Could you restate, exactly and with nothing added, the lines from the start of the data through the line that holds "Unit 1 Food for thought(重难词汇精练)(教师版)", leaving the pictures out?
[Opening Exercise input section]
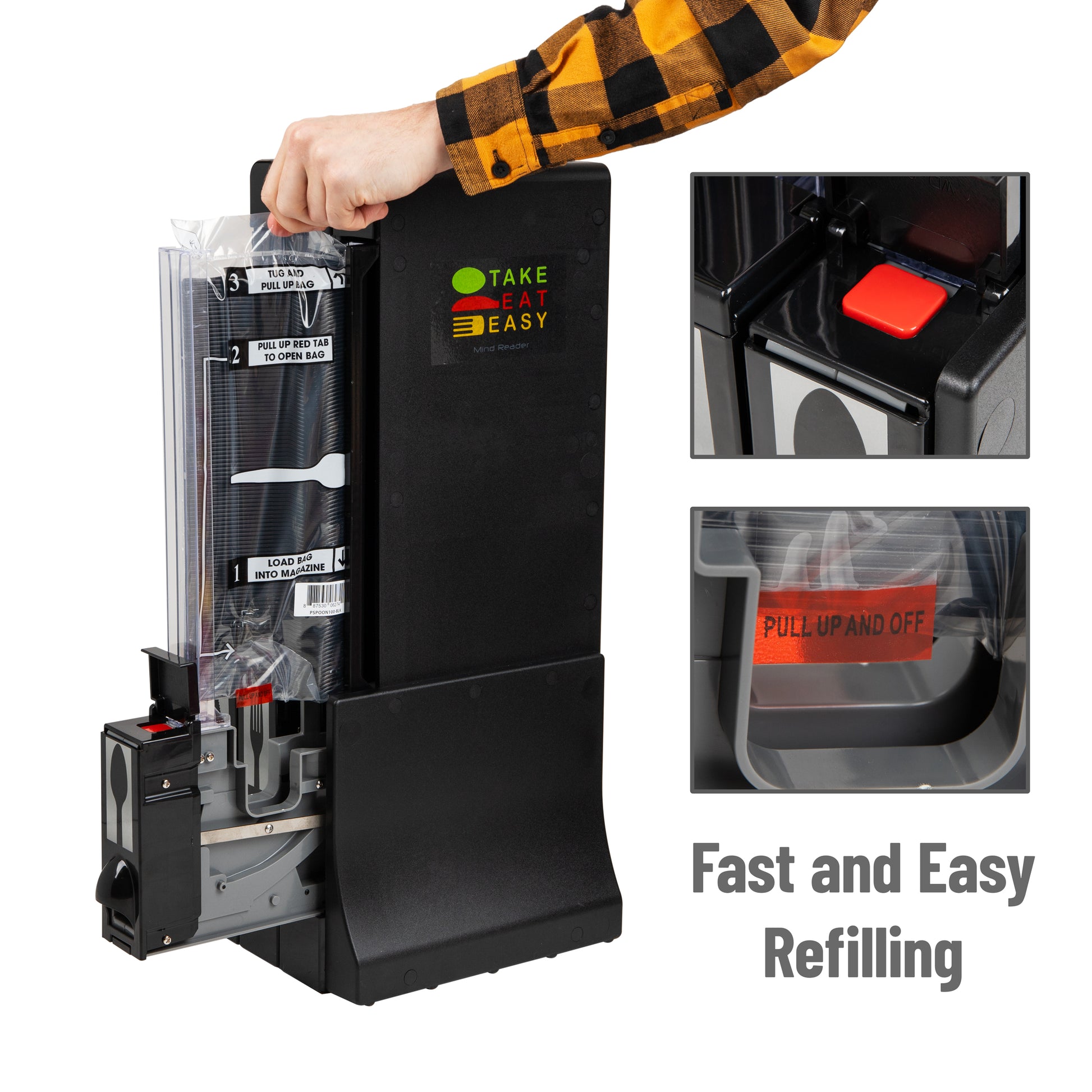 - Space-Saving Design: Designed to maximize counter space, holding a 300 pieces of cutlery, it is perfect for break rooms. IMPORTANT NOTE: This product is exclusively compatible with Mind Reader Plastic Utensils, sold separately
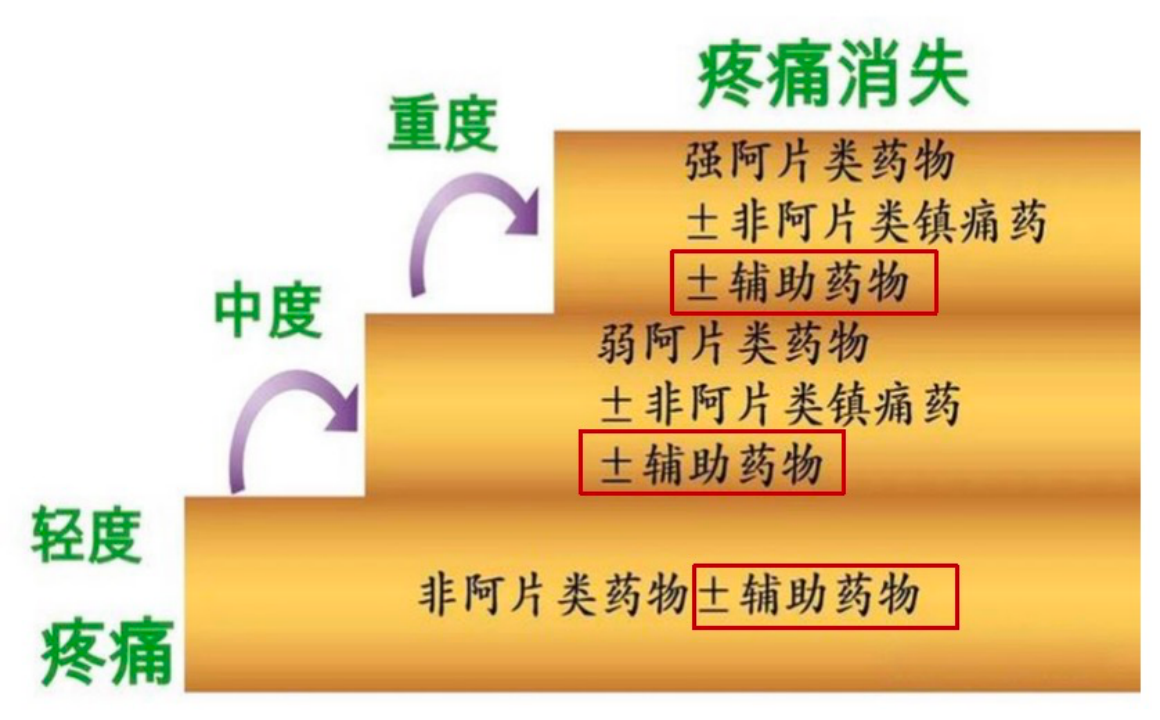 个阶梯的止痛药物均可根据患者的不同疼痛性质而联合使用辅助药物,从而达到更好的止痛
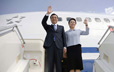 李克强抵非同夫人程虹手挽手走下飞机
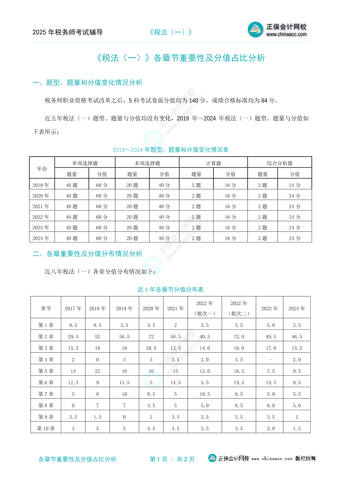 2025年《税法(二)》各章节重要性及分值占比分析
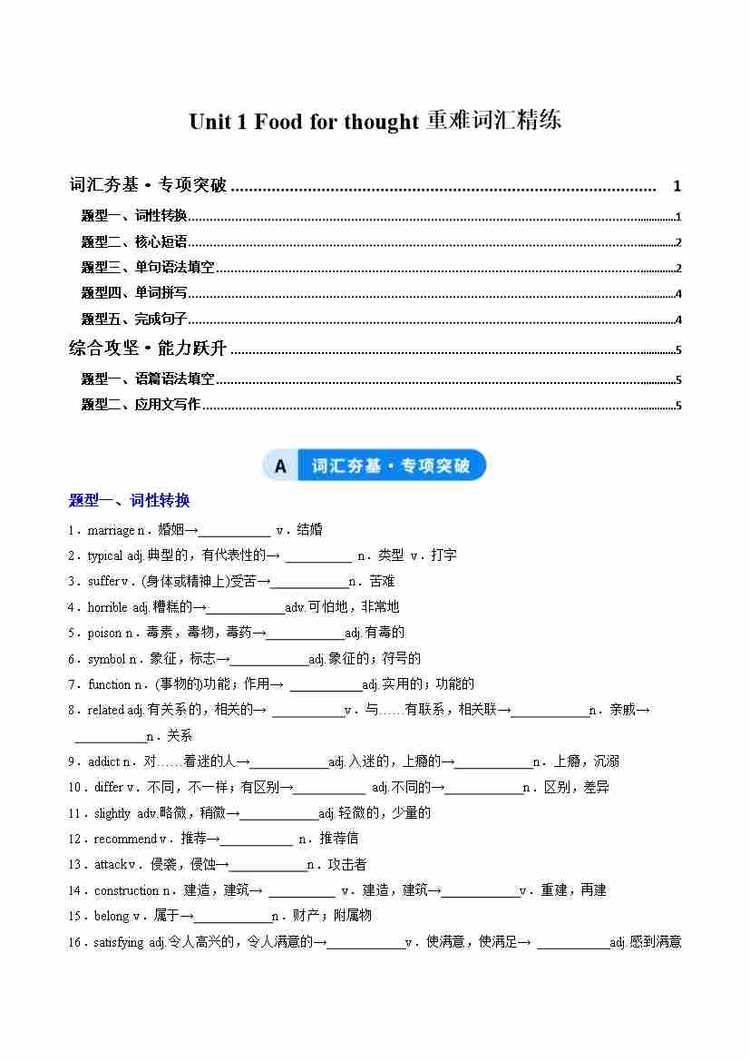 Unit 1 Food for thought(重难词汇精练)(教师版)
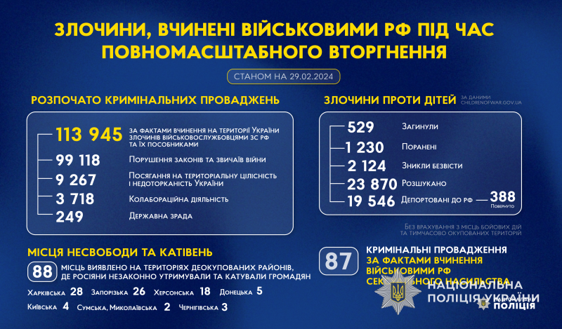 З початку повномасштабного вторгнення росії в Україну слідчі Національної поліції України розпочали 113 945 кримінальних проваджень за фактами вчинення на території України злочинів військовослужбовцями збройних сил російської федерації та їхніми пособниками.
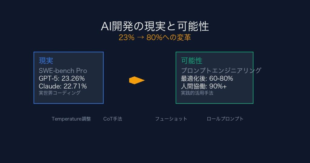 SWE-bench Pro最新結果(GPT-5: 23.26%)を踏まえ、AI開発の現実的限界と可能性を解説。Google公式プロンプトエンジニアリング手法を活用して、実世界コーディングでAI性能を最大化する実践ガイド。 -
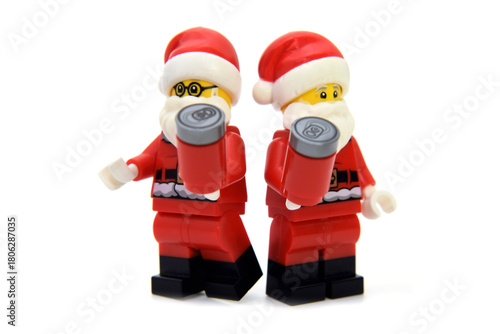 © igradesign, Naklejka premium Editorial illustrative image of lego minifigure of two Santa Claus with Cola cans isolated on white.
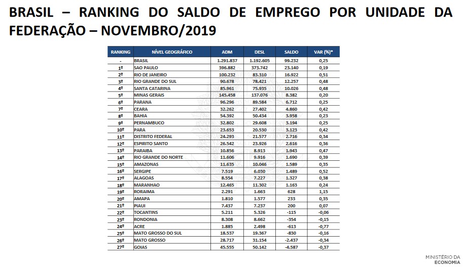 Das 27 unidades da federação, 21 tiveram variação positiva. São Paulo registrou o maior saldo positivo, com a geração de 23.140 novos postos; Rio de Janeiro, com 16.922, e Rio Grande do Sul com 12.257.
[Closing Exercise input section]
**Solution for this task**
 - Space-Saving Design: Designed to maximize counter space, holding a 300 pieces of cutlery, it is perfect for break rooms. IMPORTANT NOTE: This product is exclusively compatible with Mind Reader Plastic Utensils, sold separately
 个阶梯的止痛药物均可根据患者的不同疼痛性质而联合使用辅助药物,从而达到更好的止痛
 李克强抵非同夫人程虹手挽手走下飞机
 2025年《税法(二)》各章节重要性及分值占比分析
 Unit 1 Food for thought(重难词汇精练)(教师版)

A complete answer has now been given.